EXERCISE
Please print nothing but the lines from the one containing "FENDI Pecan Canvas" to the final line below, exactly, and no pictures.

++++ INFORMATION PROVIDED ++++

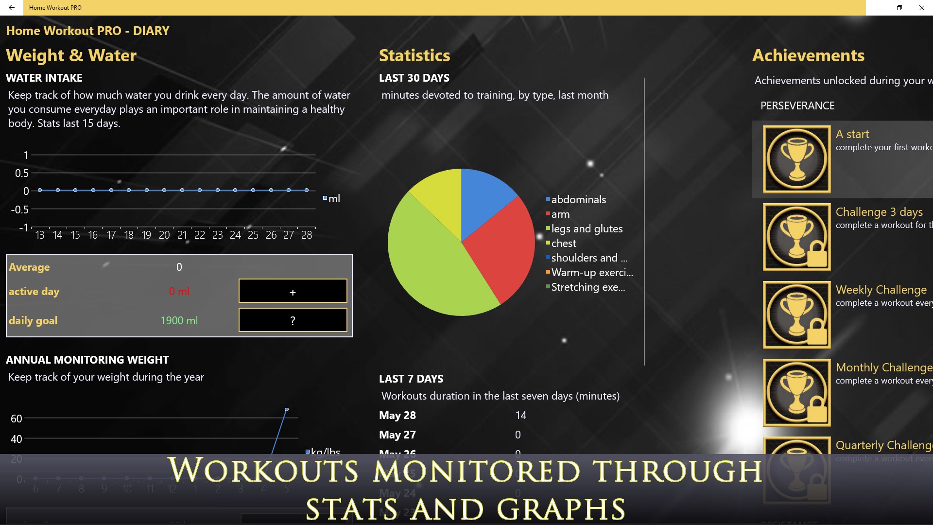 - Workouts monitored through stats and graphs
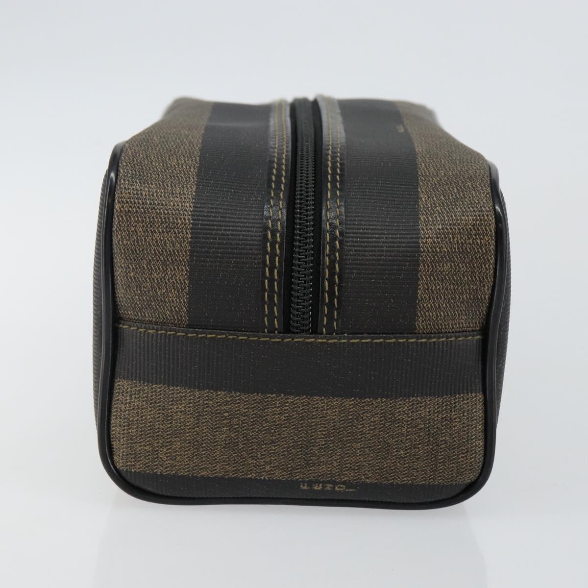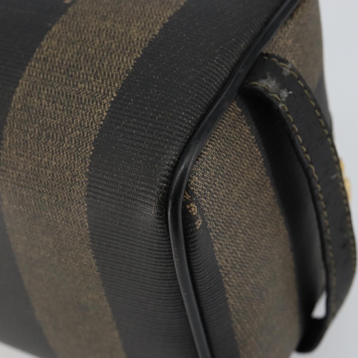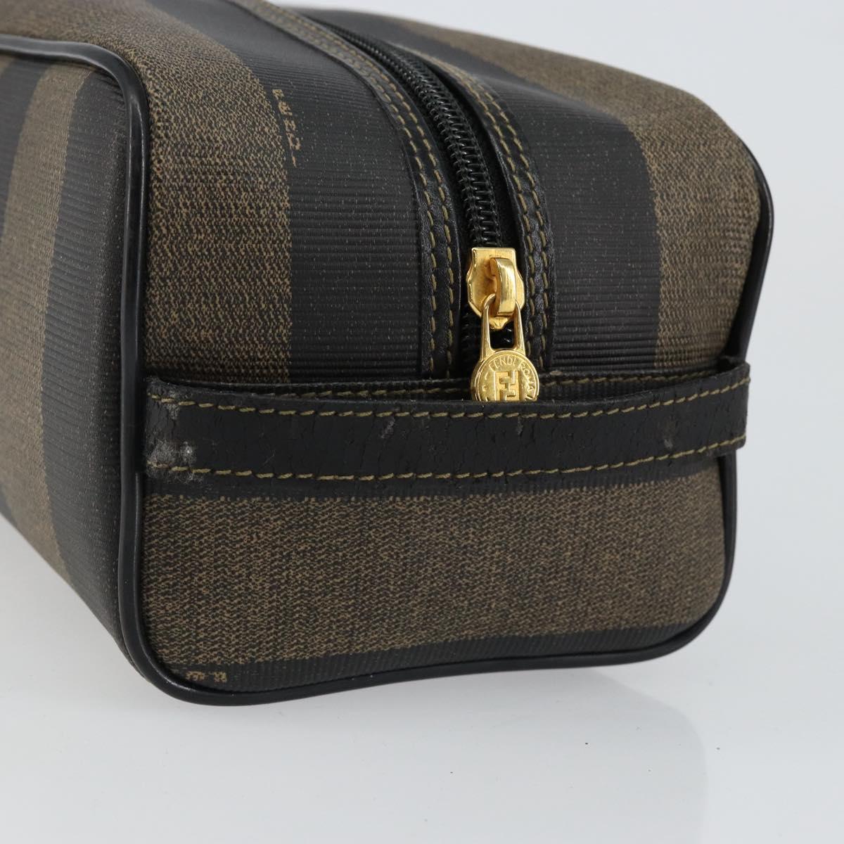FENDI Pecan Canvas Clutch Bag PVC Black Brown gold Auth 144211
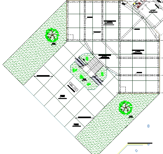 Site plan details with landscaping of city council office landscaping view, tree view, green area, car parking view, roads view, indoor roads, landmarks, measurements, road numbers, green area, staircase view, structure details and much more of office site plan details.

++++

EXERCISE SOLUTION
FENDI Pecan Canvas Clutch Bag PVC Black Brown gold Auth 144211
 Site plan details with landscaping of city council office landscaping view, tree view, green area, car parking view, roads view, indoor roads, landmarks, measurements, road numbers, green area, staircase view, structure details and much more of office site plan details.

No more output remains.